Recall `AUTO CDC INTO` in Spark Declarative Pipelines automatically tracks historical changes without manual merge logic. With **SCD Type 2** it creates two new columns:

- **__START_AT** - Timestamp when the record becomes active. 

- **__END_AT** - Timestamp when the record is closed (after an update or delete).  

When a row changes, the old version gets an **__END_AT** timestamp, and a new version starts with a fresh **__START_AT**. 

This keeps a full SCD Type 2 history automatically.




### D3. Explore the Spark Declarative Pipeline Results

After the pipeline completes, review the outputs to confirm data flow and CDC behavior on the first run with **one** JSON file.

1. In the pipeline graph:
   - **939** rows were streamed through all layers, passing Bronze data quality checks and upserting into **sdp_cdc_2_silver.customers_silver_scd2_demo**.

2. In the **Lakeflow Pipeline Editor** table window:
   - The **Upserted records** column in **sdp_cdc_2_silver.customers_silver_scd2_demo** confirms all **939** rows were inserted as new customers.

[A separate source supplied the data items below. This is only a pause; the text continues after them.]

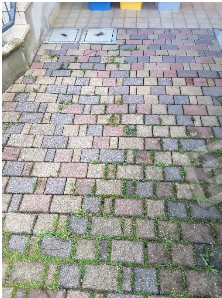
Vista area scoperta del fabbricato condominiale in parte di proprietà esclusiva di alcune porzioni immobiliari ed in parte è di uso comune condominiale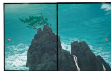
NWM 長野県立美術館 Nagano Prefectural Art Museum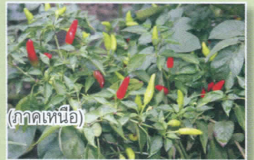
(ภาคเหนือ)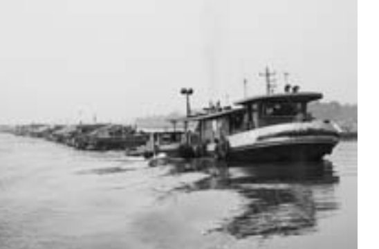
千吨级舰队行驶在京杭大运河三级航道上。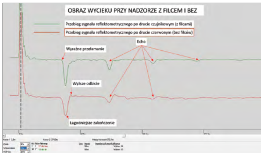
Rys. 4. Wykres z filcem i bez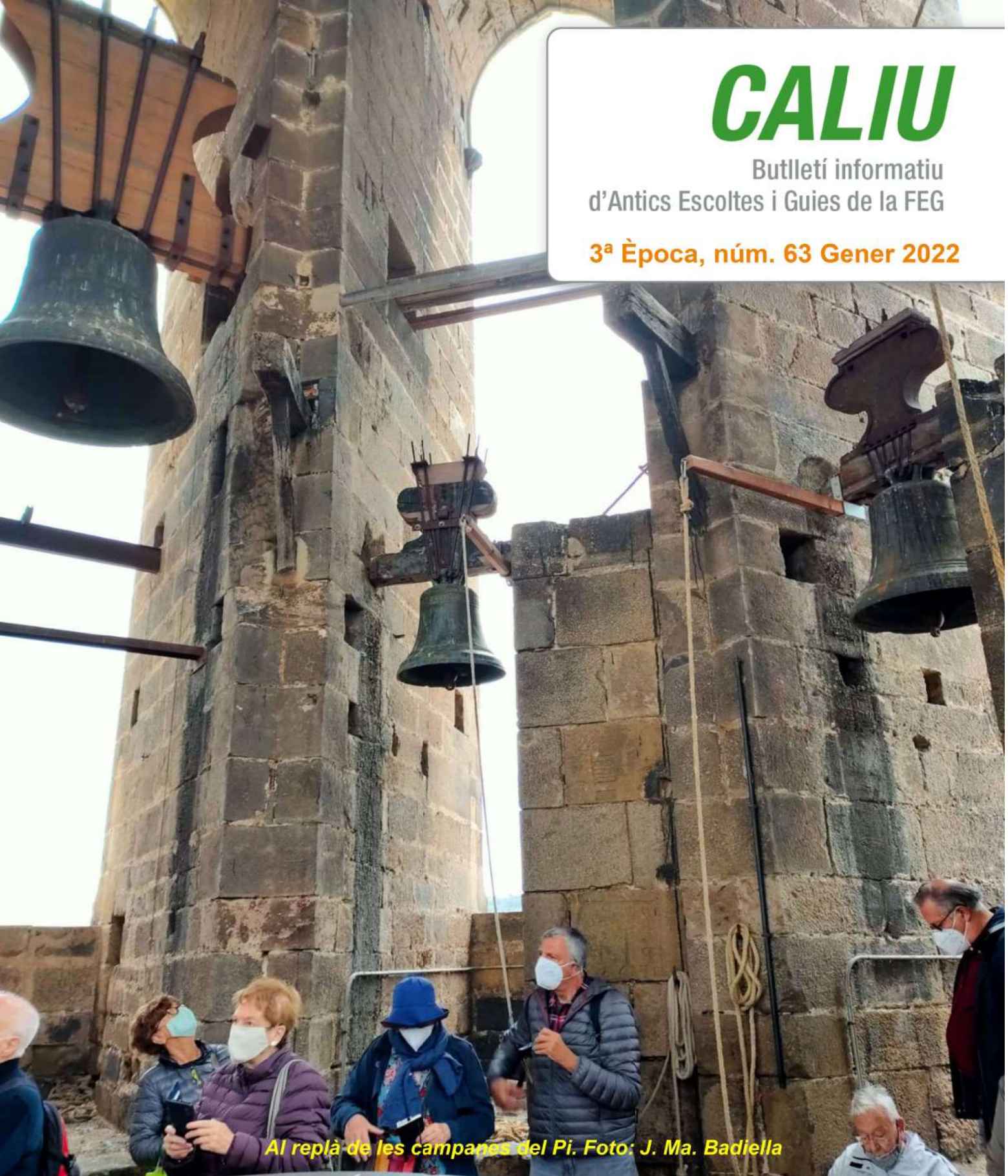
Al replà de les campanes del Pi.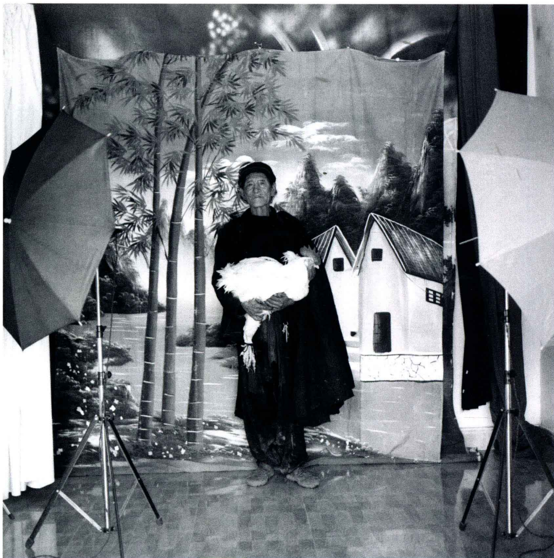
布拖特木里，四川，2001年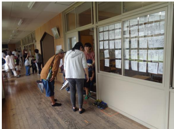
【教室での引き渡しの様子】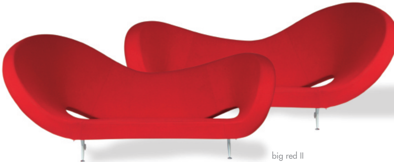
big red II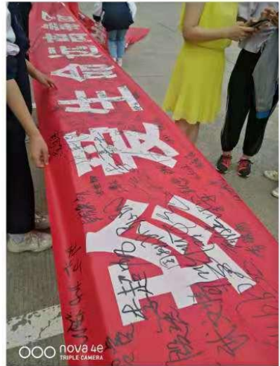
活动现场中，老师们的身影。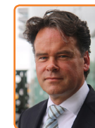
Openbaar Ministerie, R. Jeuken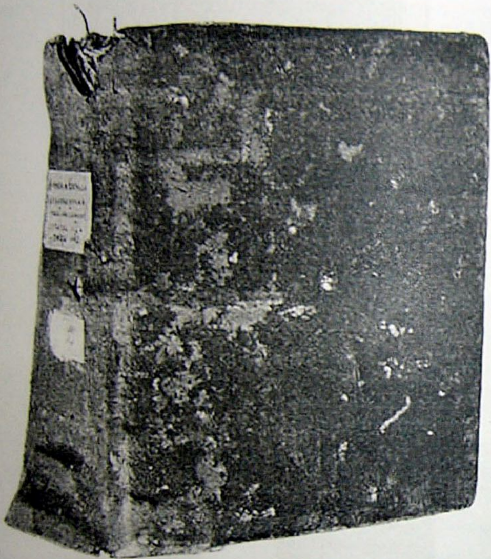
Кожа, XII в.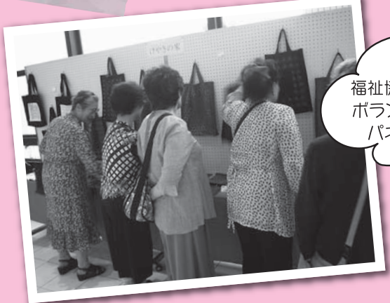
福祉協力校、福祉施設、ボランティア団体等の パネル&作品展示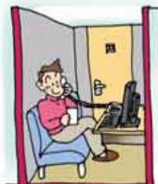
テレフォンクラブ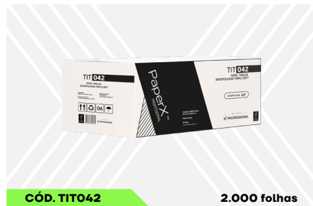
CÓD. TIT042 2.000 folhas

DISPENSERS COMPATÍVEIS: CÓD. EL-INTBP BRANCO / PRETO | CÓD. EL-INMBP BRANCO / PRETO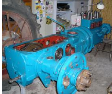
Hätte nie gedacht das der mal wieder läuft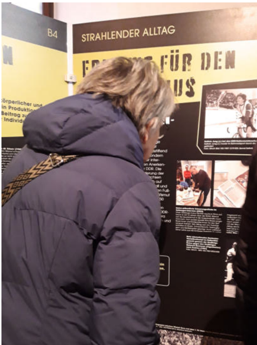
Bild 3: Das Interesse für die Ausstellung „Gesichter der Wismut“ in Posterstein ist groß.

In Projekttagen und Rechercheausflügen stießen Jugendliche auf Brigadetagebücher, Urlaubsfotos, Restaurant-Karten, Propaganda, Punk-Songs, vermeintlich unberührte Natur und Zeugnisse alter Freundschaften. All diese Gegenstände und Erzählungen entsprangen einem Knotenpunkt: der Wismut.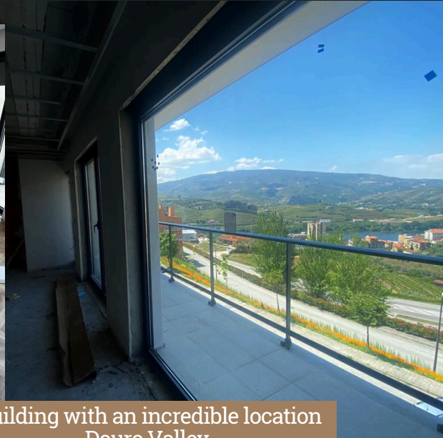
Building with an incredible location - Douro Valley -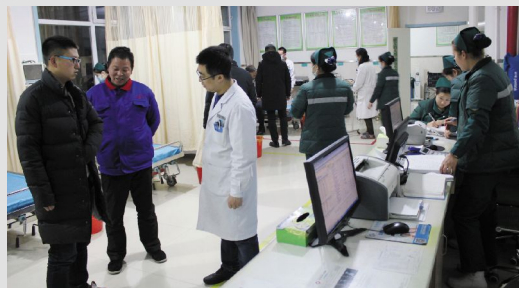
镜头四 大年三十 23:30

寂静的夜晚,手术室同时开展三台手术,在整个手术过程中,只能听到他们急促的话语声和器械的碰撞声。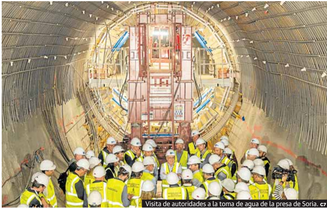
Visita de autoridades a la toma de agua de la presa de Soria. c7

E l progresivo incremento de su presupuesto, que en 2026 le mete en el club de los millonarios, y de su capítulo de inversiones, que supera este año los 220 millones, convierten al Cabildo de Gran Canaria en uno de los principales promotores de obra de la isla. Tres ejemplos dan fe de este hecho: la construcción de la central hidroeléctrica Salto de Chira, que prefinancia Red Eléctrica de España (REE) y pagará el Estado pero parte de una concesión del Consejo Insular de Aguas; la renovación del Estadio de Gran Canaria ya en marcha; y la creación del nuevo pabellón ferial de Infecar, en proceso de contratación. La primera es la obra pública más cara que se ejecuta en Canarias en muchas décadas.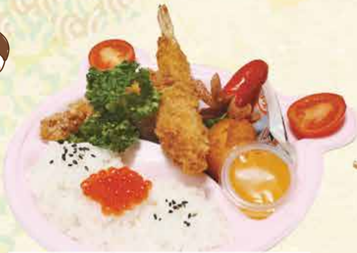
くまちゃん弁当 690円【税込】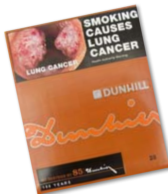
La couleur des avertissements sanitaires se fond dans celle du paquet (marque Dunhill d'Australie)

Dépourvus d'image de marque, les paquets deviendraient de simples « contenants fonctionnels de cigarettes », au lieu d'être des supports publicitaires. 27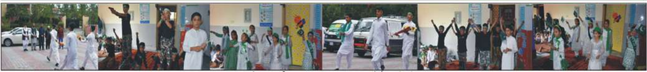
راولاکوٹ: مسلم پروڈکٹس ایف ایس ایس راولاکوٹ میں پاکستان کے کھجور بیو پی ایم آزادی کے موقع پر بچے، ٹیچر اور کارکنوں نے تقریب منعقد کی۔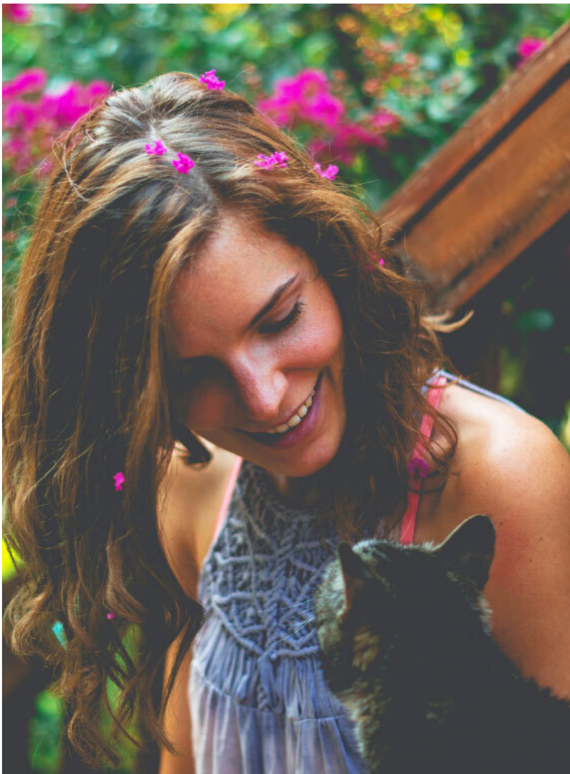
Рис. 7. Женщина-Берегиня отзывчива ко всем, кто ее окружает. Ее дар окутывать своей мягкой энергией, как покрывалом, ощущают все, в том числе животные.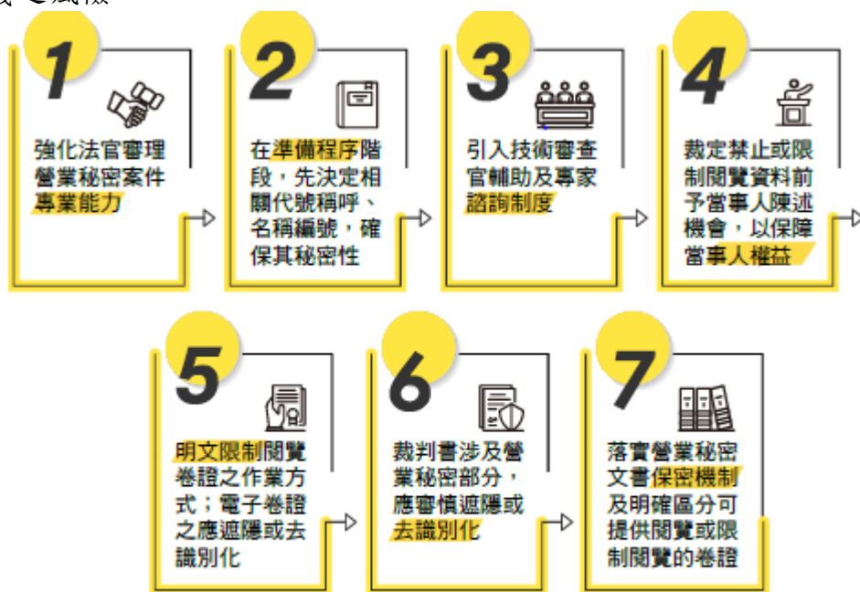
圖 1 《地方法院辦理營業秘密案件應行注意事項》重點摘要

此外，司法院同步修訂《法院辦理「秘密保持命令」及「偵查保密令」案件作業要點》，修改卷證提出、閱覽及調查方式等相關規定，以防止營業秘密因提出於法院導致外洩之風險。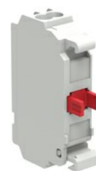
Zestyki z zaciskami sprężynowymi LPXCS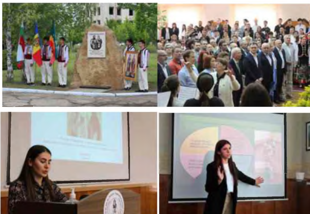
Fig.13 Conferință științifică - practică anuală dedicată Zilei scrisului și culturii slavone

2. Conferință științifică - practică anuală dedicată Zilei scrisului și culturii slavone desfășurată la 23 mai 2023 cu participarea reprezentanților din Moldova, Ucraina. Materialele științifice ale conferinței internaționale au fost publicate în anuarul UST „Дунав – Днестър”. Обществознание. Езикознание. Педагогика. Volumul IX. – Taraclia, 2023.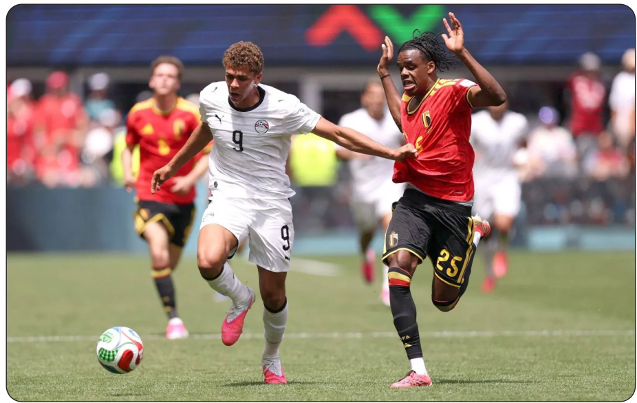
■ من لقاء مصر بلجيكا

أما صحيفة «يو إس إيه توداي» فأشارت إلى أن المنتخب المصري قدم أداءً جيداً أمام نظيره البلجيكي، المرشح الأقوى، قبل المباراة. وأشادت صحيفة «سياتل تايمز» بأجواء المباراة وامتلأه اللعب بالجماهير مشيرة إلى قوة منتخب بلجيكا الذي يحتل المركز التاسع في التصنيف العالمي، وقد تصدر المنتخب البلجيكي التصنيف العالمي لأربع سنوات متتالية (بين عامي 2018 و2021). وبعد دقائق من نهاية مباراة السعودية وأوروغواي بالتعادل بهدف لثله تساءلت صحيفة «ذا أثلتيك» بدهشة عن سيكون الفريق الأضعف في المجموعة الثامنة بعدما فرضت السعودية التعادل بعد ساعات من موقعة إسبانيا والرأس الأخضر في المجموعة ذاتها التي انتهت أيضاً بالتعادل. وأضافت «ذا أثلتيك» أن مفاجأة أخرى كانت على وشك الحدوث لولا هدف التعادل المتأخر الذي سجلته أوروغواي في الشباك السعودية.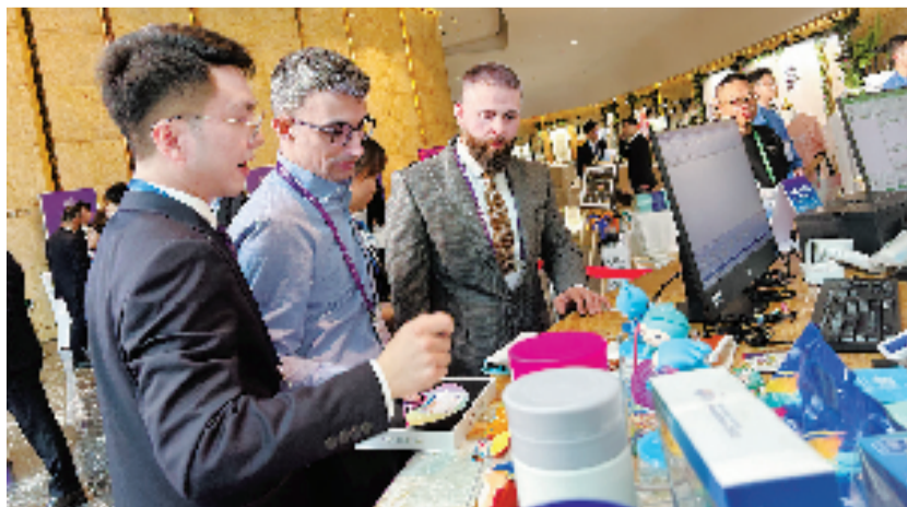
▲杭州亚运会代表团成员现场体验工行数字人民币硬件钱包

此次杭州亚运会代表团团长大会,工行将进一步了解代表团需求,下一步将整合自身在服务、科技、人才和品牌等各方面资源,在杭州亚运会召开期间,为各国运动员、工作人员、赛事观众等提供便捷、高效、安全的全方位金融服务,共同为实现“绿色、智能、节俭、文明”亚运增光添彩。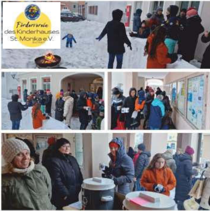
Besucher und Helfer an der Schneebau

Trotz des vielen Schnees und der Verschiebung des Christkindlmarktes, von 2. Dezember auf den 10. Dezember, ließen sich der Elternbeirat und der Förderverein des Kinderhauses St. Monika nicht unterkriegen. Kurzerhand wurde die Wetterlage zum Besten genutzt und eine Schneebau neben dem Rathaus errichtet. Ab 15 Uhr gab es unter den Arkaden des Rathauses selbstgemachte Adventskränze, gebastelte Weihnachtsdekoration, Glühwein und einiges mehr zu kaufen.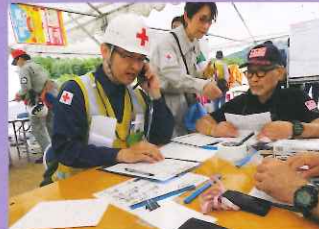
行政などの関係団体とニーズの調整をする防災ボランティア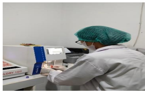
Gambar 6 (Pemeriksaan Sampel Menggunakan Alat Medonic M-Series Hematology Analyzer di Lab Klinik Anugrah Bangli)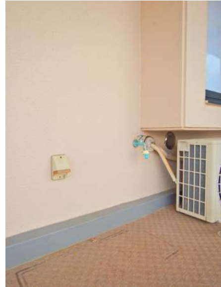
【バルコニー】バルコニーには水栓と電源もあります!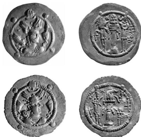
شکل ۲. دو نمونه از سکه‌های هپتالی ضرب بلخ (Heidemann, 2015).

اندیشیده بود (خواندمیر، ۱۳۸۰: ۲۴۰؛ Whithby and Whithbay, 1997: 111) از زندان گریخت، چند روزی مخفی شد و پس از آنکه از احتمال تعقیب آسوده‌خاطر شد، از مدائن خارج شد و به قصد سرزمین هپتالی‌ها راه اهواز به اصفهان را در پیش گرفت ۴۰ (دینوری، ۱۳۸۳: ۹۵). قباد و هیئت همراهش به صورت مخفیانه، شب راه می‌پیمودند و روز استراحت می‌کردند تا اینکه به سرزمین هپتالی‌ها رسیدند (نهایه‌الأرب، ۱۳۷۵: ۲۹۶). قباد نزد پادشاه هپتالی‌ها رفت و از او خواست تا لشکری همراهش کند تا تاج و تخت خویش را بازستاند (Whithby and Whithbay, 1997: 112; Cameron, 1969-1970: 129-131). شاه هپتالی خواهش قباد را پذیرفت؛ ولی با این شرط که قباد منطقه چغانیان را به وی واگذار کند (فردوسی، ۱۳۸۶: ۶۵؛ دینوری، ۱۳۸۳: ۹۵) و به پرداخت خراجی ادامه دهد که از زمان پیروز برقرار شده بود (شیپمان، ۱۳۸۶: ۵۵). پادشاه هپتالی یکی از دختران خود را به ازدواج قباد درآورد ۴۱ (Cameron, 1969-1970: 131) و قباد را به همراه سه هزار تن از هپتالی‌ها راهی مدائن کرد. آنان که خلع قباد را باعث شده بودند، نزد وی آمدند پوزش طلبیدند. قباد عذرشان را پذیرفت و جاماسپ را بخشید و در سال ۴۹۹ میلادی دوباره به تخت سلطنت نشست (دینوری، ۱۳۸۳: ۹۵).

3. In the **Tables** view, select **customers_silver_scd2_demo**:
   - Preview the table to inspect the data.
   - Scroll right to see the **__START_AT** and **__END_AT** columns  were automatically added by the `AUTO CDC INTO` SCD Type 2 process indicating active, inactive and removed data (right now all rows are active - **__END_AT** = `null`).


### D4. Explore the Pipeline CDC Silver Streaming Table

1. Run the cell below to confirm that `current_catalog()` references your catalog and that your settings are still active (they might have been cleared).  

    If they were cleared, reset your default catalog using: `USE CATALOG your_catalog_name;`

    

In [0]:
%sql
SELECT current_catalog() AS `Your Current Catalog`

2. Run the query below to view the **sdp_cdc_2_silver.customers_silver_scd2_demo** CDC streaming table (SCD Type 2).  

Observe the following:

- The table contains all **939 rows** from the **00.json** file, as all customers are new.  

- Scroll to the right to see that `AUTO CDC INTO (SCD Type 2)` added two columns:  
  - **__START_AT**: Timestamp showing when the current version of each record became active. This matches the sequence column **timestamp_datetime**.  
  - **__END_AT**: 
    - Timestamp showing when the record became inactive due to a **DELETE** or **UPDATE**. 
    - Filtering where **__END_AT** is `NULL` returns all active customers.  

Since this is the first ingestion from **00.json**, all records are active and **__END_AT** contains only `NULL` values.

**NOTES:**  
- These columns implement **Slowly Changing Dimension (SCD) Type 2** tracking.  
- `AUTO CDC INTO` automatically manages **__START_AT** and **__END_AT** to record the valid time range of each version.  



In [0]:
%sql
SELECT customer_id, email, timestamp_datetime, processing_time, source_file, __START_AT, __END_AT
FROM sdp_cdc_2_silver.customers_silver_scd2_demo;

2. Run the cell below to query the CDC table for **all current customers** by filtering where **__END_AT** is `NULL`. 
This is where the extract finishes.